── EXERCISE DATA

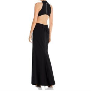 AQUA Women's Black Open Back Halter Formal Evening Dress
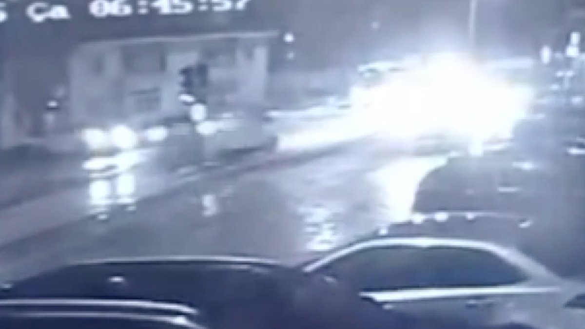 Öte yandan kaza anı, bir iş yerinin güvenlik kamerası tarafından saniye saniye kaydedildi.
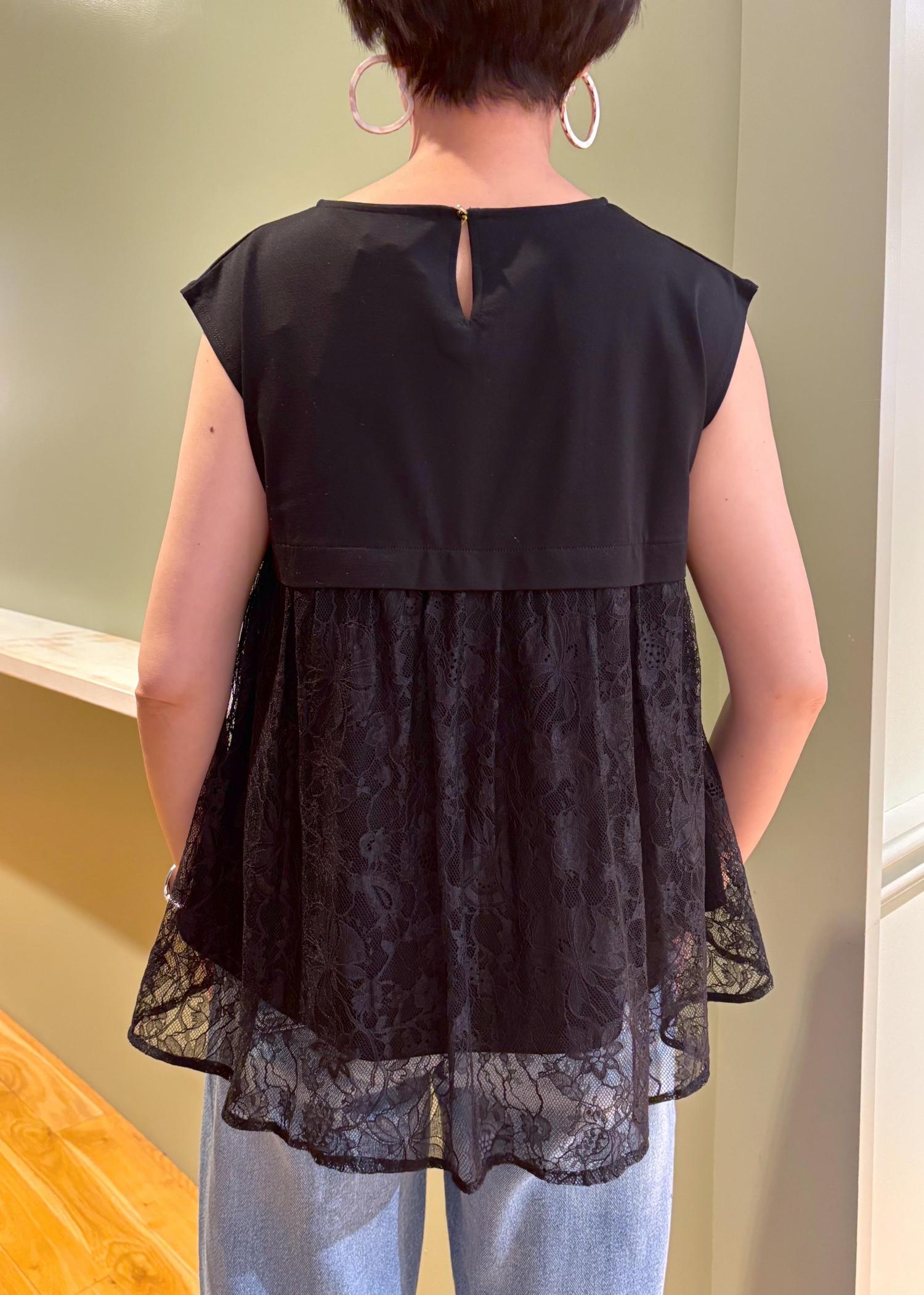ROPÉ PICNIC【UVカット・接触冷感】レースドッキングカットトップスブラック / 38¥4,499レビュー後ろ身頃にレースをドッキングした一枚で華やぎのあるカットトップスです。フレンチスリーブで程よく二の腕をカバーでき、UVカット(紫外線遮蔽率90%以上)、ひんやりとした肌触りの接触冷感素材で暑い時期でも涼しく着れます。ゆったりAラインシルエットでパンツとの合わせが◎
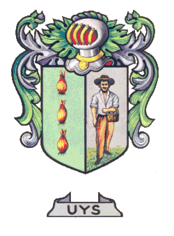 These canting arms appear similar to those of the Van Uye family of Zeeland, to whom the Uys family are not related.[19] The Uys arms are differenced from the Van Uye arms by the basket which the farmer holds; in the Van Uye arms the farmer is holding a bunch of onions (French: "une glane d'oignons"). The onions (Dutch: ui) in the dexter half of the arms are a canting reference to the Uys family name.

────

TASK TO CARRY OUT:
The full data, repeated exactly and stripped of its pictures, is the expected answer.

SOLUTION TO THE EXERCISE:
 AQUA Women's Black Open Back Halter Formal Evening Dress
 Öte yandan kaza anı, bir iş yerinin güvenlik kamerası tarafından saniye saniye kaydedildi.
ROPÉ PICNIC【UVカット・接触冷感】レースドッキングカットトップスブラック / 38¥4,499レビュー後ろ身頃にレースをドッキングした一枚で華やぎのあるカットトップスです。フレンチスリーブで程よく二の腕をカバーでき、UVカット(紫外線遮蔽率90%以上)、ひんやりとした肌触りの接触冷感素材で暑い時期でも涼しく着れます。ゆったりAラインシルエットでパンツとの合わせが◎
 These canting arms appear similar to those of the Van Uye family of Zeeland, to whom the Uys family are not related.[19] The Uys arms are differenced from the Van Uye arms by the basket which the farmer holds; in the Van Uye arms the farmer is holding a bunch of onions (French: "une glane d'oignons"). The onions (Dutch: ui) in the dexter half of the arms are a canting reference to the Uys family name.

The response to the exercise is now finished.